# At what age did you get him neutered?



## roxie2519 (Jan 9, 2013)

My puppy is 5 months old and he humps on everything. I'm wondering if I should get him neutered. Any advice? Thanks


----------



## BearsMom (Jul 16, 2012)

Bear was about 8 months when I took him to get chipped and neutered. I wanted to wait in case there were any problems w/ his baby teeth falling out (that way they could take care of everything at once). I didn't have the humping everything problem with him though so it was easy to wait.


----------



## Bidik (Aug 23, 2012)

Cora was 7 months old when he was neutered. He ran away from home twice in a row in search of a lady. I couldn't get him to vet soon enough. Neutering curbed the running away. It did not change his character a bit, did not make him mellow even a bit. He still runs around like crazy, demands attention all the time and occasionally hump on pillows and then all of a sudden falls asleep on them. I can watch him all day and never get bored


----------



## Murphysmom2011 (Apr 24, 2012)

Murphy was 5 months old when he was neutered and microchipped. We had no problems at all. The pain medicine made him a little crazy so it was hard to keep him calm. We also had him in a onesie so did not have to deal with the cone of shame


----------



## davetgabby (Dec 29, 2007)

Bidik said:


> Cora was 7 months old when he was neutered. He ran away from home twice in a row in search of a lady. I couldn't get him to vet soon enough. Neutering curbed the running away. It did not change his character a bit, did not make him mellow even a bit. He still runs around like crazy, demands attention all the time and occasionally hump on pillows and then all of a sudden falls asleep on them. I can watch him all day and never get bored


Jeri, you experience with this is quite typical. It really doesn't alter their behavior. But will lead to less desire to roam.


----------



## misstray (Feb 6, 2011)

I got Brody neutered at 7 months. I will tell you though, Brody didn't even start humping until well after he got neutered. He's going through a phase right now (he's 2) with big time humping. ha ha


----------



## motherslittlehelper (Mar 18, 2010)

Augie was around 17 months when he was altered. He went through a humping phase when he was younger; if we were sitting on the couch with our legs up on the couch, he would try to hump our legs. We just discouraged his behavior. He wasn't a roamer - I guess we don't give our guys the opportunity to roam. They are always accompanied by us when they are outside. Finn is approaching two and he is still intact. I took him in at 14 months, and the vet clinic was extremely busy on his scheduled day, and they could not assure me that he would get to come home the same day, so I wouldn't leave him for the procedure. It was shortly after that, that we noticed he was having allergy issues with a lot of ear infections, etc. and our vet didn't want to put his body through more stress until we had that under better control. 

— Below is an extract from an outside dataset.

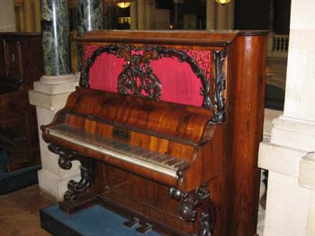 This Piano is only one form of it. It could be Grand: Baby-Grand Electric ETC Comment: This is a very unusual-looking piano, and certainly not representative of upright pianos in general.

I would suggest that you do your research so that you are aware of the pros and cons. There are differing opinions on this. From articles I read, I just knew that I wanted to wait until at least 14 months or so for the benefit that the hormones provide for bone growth, etc. 

I will say that Finn has been a humper from the get-go - but I have only seen him hump Augie - and he also started marking in the house. He still does not have free reign of the house, although I haven't seen him to try to mark anything for several months now. If I can't watch him, he is gated in the kitchen or crated. He had been trained for quite some time on a UgoDog, but when the marking started, I decided it was time to get him trained to outside. I think he has gotten the idea that outside is where you do that.


----------



## gelbergirl (Jun 9, 2007)

Henry went in exactly at 6 mo. 
He has a permanent humping blanket.


----------



## Dory (Jan 4, 2012)

Quincy never humped (still isn't - crossing fingers). We got him neutered at 9 months. They also removed two baby teeth canines that didn't come out on their own at the same time.


----------



## Julie (Feb 8, 2007)

My boys (both breeds) were neutered around 6 months of age. Neither of my boys have humped,lifted their legs or marked. One is now 8 and one is 7. I think I maybe just got lucky?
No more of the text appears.